Their stance teaches the wise
to fear, in this world of ours,
all tumult, and all movement:
Mankind drunk on brief shadows
always incurs a punishment
for his longing to stir, and go.”
–Charles Baudelaire, Les Hiboux (The Owls)
On the other hand, Lakṣmī/Śrī is radiant pervading light. She gives the rain of gold that represents the highest-desirable fortune of enlightenment. As mistress over Ulūka, she shows us her mastery over materialism and the attainment of higher aspirations; she cautions and instructs us against becoming mired in worldly wealth and short-sighted action. Ulūka as vehicle also demonstrates truth: a vāhana is a creature of action, the one that moves while the deity remains fixed like a shining star. Likewise, Indra (prosperity in the world), once secured and harnessed, is a foundation from which Śrī (spiritual joy and loving compassion) might be sought, awakened within oneself, brought to everywhere in the three worlds. The two together teach us about worthy goals of life and how to achieve them.
By darkness, light is carried; over disaster and death, fortune and life reign; the spiritual, the supreme, must guide the worldly. There are many more meanings and lessons to be learned here, but Owl let you think of a few.
(1) A rather literal question is why the Devas, powerful Divine manifestations, have vehicles to carry them. I won’t write a novel about all of the different ideas, but one fascinating suggestion I’ve found is that these creature-Deva associations are ancient remnants of pre-Vedic worship, of animals as spiritual totems and/or tribal emblems.
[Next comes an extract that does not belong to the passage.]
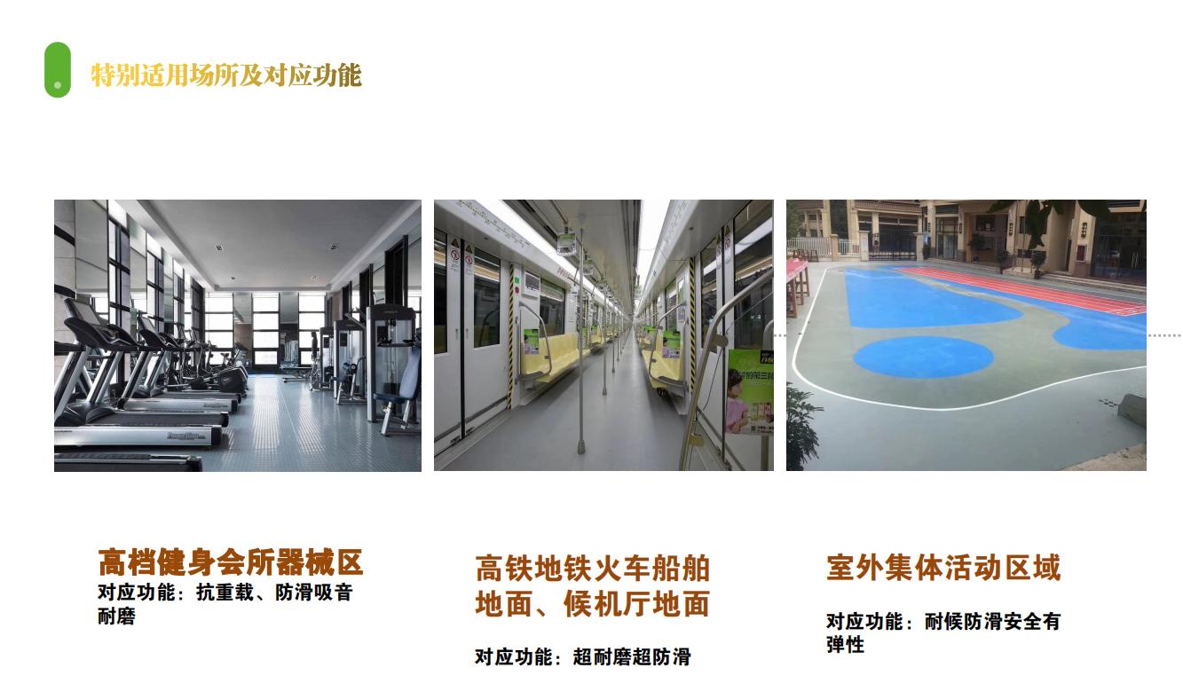 特別適用特點:1、超強防滑防摔性(360度雙重防滑專利設計、3.7mm實心高彈力納米材料結構),可防止摔倒時地面對人體產生的物理傷害。2、綠色環保,無毒無味且防霉抗菌,為老人小孩提供安全舒適的生活環境。3、超級耐磨,可保證15年以上的超長使用壽命。4、高回彈性保證了地面的高度舒適性,可減緩因行走而對人體產生的疲勞度。5、非發泡類地面材料,可支撐重物壓力,不影響輪椅推車通行,不產生壓痕

(2) I do note that Agni serves as Indra’s vehicle in Mahābhārata, but this is a temporary transformation effected in a symbolic vision. I use the word vāhana in this essay to signify an ongoing association.
(3) Perhaps the difference, in part, is a matter of interpretation: Because the owl’s large eyes are fixed in the sockets, an owl has to turn its head around to see in other directions. Some people see wisdom in the steady stare; others see the swiveling head as a ridiculous design flaw.